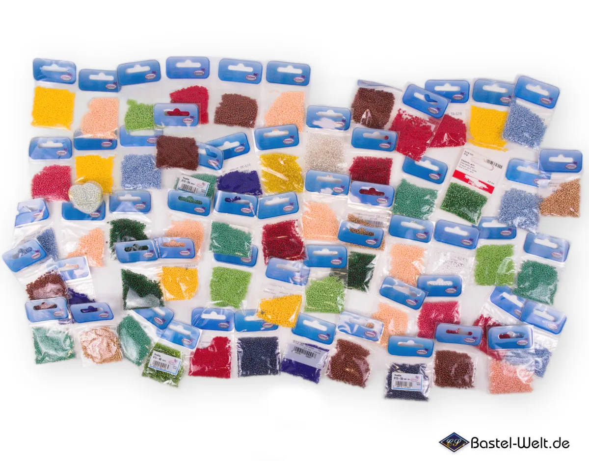 Insgesamt bekommst du 60 Tütchen Rocailles-Perlen mit einem Durchmesser von meist ca. 2,5 mm. Jedes Tütchen enthält etwa 10–16 g Perlen – perfekt portioniert für viele kleine und größere Projekte.
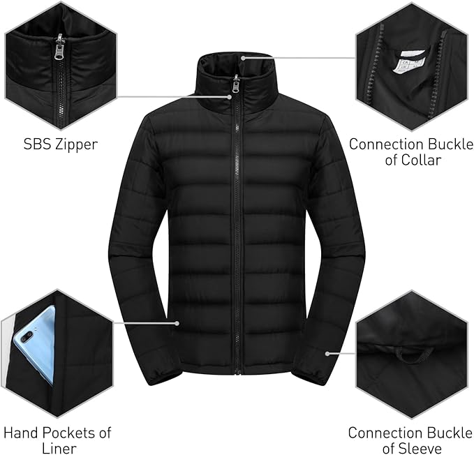 • Practical Winter Jacket with 6 Pockets: 2 zippered hand pockets and 1 chest pocket outside, 1 internal zippered pocket; 2 warm hand pockets of the cotton padded liner. Multi pockets are suit for phone,wallet,passport and other accessories.
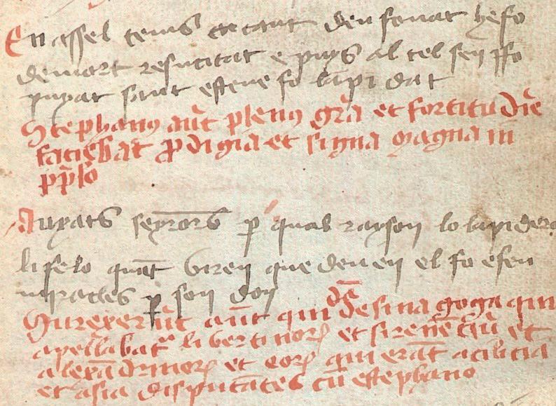 túrgic i també, tal com proposa Huglo, per la complexitat de cantar en alternatim el to de la recitació de la lectura (lectio) i el to de la farsa, per part de dos o més cantants separats en dos grups.9 En manuscrits posteriors és freqüent trobar solament el text amb l’íncipit de la lectio10 i, fins i tot, solament amb la farsa. Dennery assenyala que les lectures farcides i els trops del propi estan escrits de manera que sigui fàcil distingir el text original.11 Així s’ha pogut constatar en algunes de les fonts de les epístoles de sant Esteve, especialment en aquelles en què manca la música; sovint trobem diferent mida o tipus de lletra per a cada text, caplletres per poder diferenciarlos o tintes de diferents colors. En la figura 1 es pot observar un dels exemples en què es diferencia entre el text de la lectio original, en aquest cas en vermell, i el de la farsa, en negre.
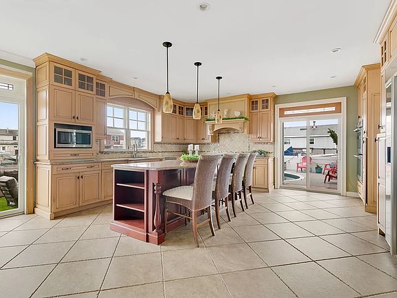 Magnificent waterfront home with unobstructed New York City skyline views. This spectacular Broad Channel home sits on a 75 x 100' lot and offers striking views from almost every room! Completely and thoughtfully renovated in 2010, this home is move-in ready and waiting for you to call it your own! The beautiful exterior, with its perfect manicured garden and pretty front porch will have you falling in love before you even enter the home. Upon entering, you are greeted by a beautiful foyer with a double height ceiling that opens to a formal dining room, large eat-in kitchen with sliders out to your private pool and expansive living room. The open living room is surrounded by five oversized windows, all with water views, and has a wood burning fireplace that is set in a rustic stone mantle. This room flows right into the massive eat-in-kitchen with two sets of sliding doors out to your outdoor spaces. Centered by a large island, this kitchen boasts beautiful granite counters, 6 burner Thermador stove and separate Thermador double wall oven, dishwasher, large double door refrigerator and a bonus wine fridge. There is ample cabinet and counter space for all of your entertaining needs. From the kitchen you can head right into the formal dining room that is accented with striking moldings and five sunny windows. This floor also boasts a gorgeous full bathroom with stained glass and marble and stone tiles. As you ascend up the steps to the second floor of this home you will be wowed by the stunning great room which has a gas fireplace, beautiful hardwood floors and dramatic oversized French doors that lead out to a deck that has unobstructed views of Jamaica Bay and the spectacular New York City skyline. Off of this room there is another large, full bathroom that also has a washer/dryer. The master suite is enormous with two huge closets, one of which is a walk-in, private terrace with French doors and water views and a large master bathroom that boasts pretty marble tiles, a jetted tub and a large, separate glass shower. Two more spacious bedrooms are on this floor and they are both accented with a large closet and beautiful textured suede paint. The third level of this home is completely open with vaulted ceilings with an abundance of storage space. The owners are currently using this space as a media room and a spacious gym. The outdoor space of this home is exceptional! Starting from your beautiful wraparound front porch you can head to the side of the home where you will find a private pool that is surrounded by a deck and has easy access to the large yard which is in the back of the home. The yard gives easy access down to your own private boat dock and float where you can head off into Jamaica Bay and watch the beautiful sunsets each evening. Add in an oversized garage that can be accessed from either the exterior or the interior of the home, central air, central vac, radiant heat on the entire first floor as well as both bathrooms on the second floor, beautiful crown moldings and custom shutters throughout and you literally have it all! Located a short distance to Rockaway Beach as well as public transportation which includes the Rockaway Ferry, this home is not one to be missed!

###

### YOUR TASK
Please write out all the data again word for word, but not the pictures.

### WRITTEN RESPONSE
 Insgesamt bekommst du 60 Tütchen Rocailles-Perlen mit einem Durchmesser von meist ca. 2,5 mm. Jedes Tütchen enthält etwa 10–16 g Perlen – perfekt portioniert für viele kleine und größere Projekte.
 • Practical Winter Jacket with 6 Pockets: 2 zippered hand pockets and 1 chest pocket outside, 1 internal zippered pocket; 2 warm hand pockets of the cotton padded liner. Multi pockets are suit for phone,wallet,passport and other accessories.
 túrgic i també, tal com proposa Huglo, per la complexitat de cantar en alternatim el to de la recitació de la lectura (lectio) i el to de la farsa, per part de dos o més cantants separats en dos grups.9 En manuscrits posteriors és freqüent trobar solament el text amb l’íncipit de la lectio10 i, fins i tot, solament amb la farsa. Dennery assenyala que les lectures farcides i els trops del propi estan escrits de manera que sigui fàcil distingir el text original.11 Així s’ha pogut constatar en algunes de les fonts de les epístoles de sant Esteve, especialment en aquelles en què manca la música; sovint trobem diferent mida o tipus de lletra per a cada text, caplletres per poder diferenciarlos o tintes de diferents colors. En la figura 1 es pot observar un dels exemples en què es diferencia entre el text de la lectio original, en aquest cas en vermell, i el de la farsa, en negre.
 Magnificent waterfront home with unobstructed New York City skyline views. This spectacular Broad Channel home sits on a 75 x 100' lot and offers striking views from almost every room! Completely and thoughtfully renovated in 2010, this home is move-in ready and waiting for you to call it your own! The beautiful exterior, with its perfect manicured garden and pretty front porch will have you falling in love before you even enter the home. Upon entering, you are greeted by a beautiful foyer with a double height ceiling that opens to a formal dining room, large eat-in kitchen with sliders out to your private pool and expansive living room. The open living room is surrounded by five oversized windows, all with water views, and has a wood burning fireplace that is set in a rustic stone mantle. This room flows right into the massive eat-in-kitchen with two sets of sliding doors out to your outdoor spaces. Centered by a large island, this kitchen boasts beautiful granite counters, 6 burner Thermador stove and separate Thermador double wall oven, dishwasher, large double door refrigerator and a bonus wine fridge. There is ample cabinet and counter space for all of your entertaining needs. From the kitchen you can head right into the formal dining room that is accented with striking moldings and five sunny windows. This floor also boasts a gorgeous full bathroom with stained glass and marble and stone tiles. As you ascend up the steps to the second floor of this home you will be wowed by the stunning great room which has a gas fireplace, beautiful hardwood floors and dramatic oversized French doors that lead out to a deck that has unobstructed views of Jamaica Bay and the spectacular New York City skyline. Off of this room there is another large, full bathroom that also has a washer/dryer. The master suite is enormous with two huge closets, one of which is a walk-in, private terrace with French doors and water views and a large master bathroom that boasts pretty marble tiles, a jetted tub and a large, separate glass shower. Two more spacious bedrooms are on this floor and they are both accented with a large closet and beautiful textured suede paint. The third level of this home is completely open with vaulted ceilings with an abundance of storage space. The owners are currently using this space as a media room and a spacious gym. The outdoor space of this home is exceptional! Starting from your beautiful wraparound front porch you can head to the side of the home where you will find a private pool that is surrounded by a deck and has easy access to the large yard which is in the back of the home. The yard gives easy access down to your own private boat dock and float where you can head off into Jamaica Bay and watch the beautiful sunsets each evening. Add in an oversized garage that can be accessed from either the exterior or the interior of the home, central air, central vac, radiant heat on the entire first floor as well as both bathrooms on the second floor, beautiful crown moldings and custom shutters throughout and you literally have it all! Located a short distance to Rockaway Beach as well as public transportation which includes the Rockaway Ferry, this home is not one to be missed!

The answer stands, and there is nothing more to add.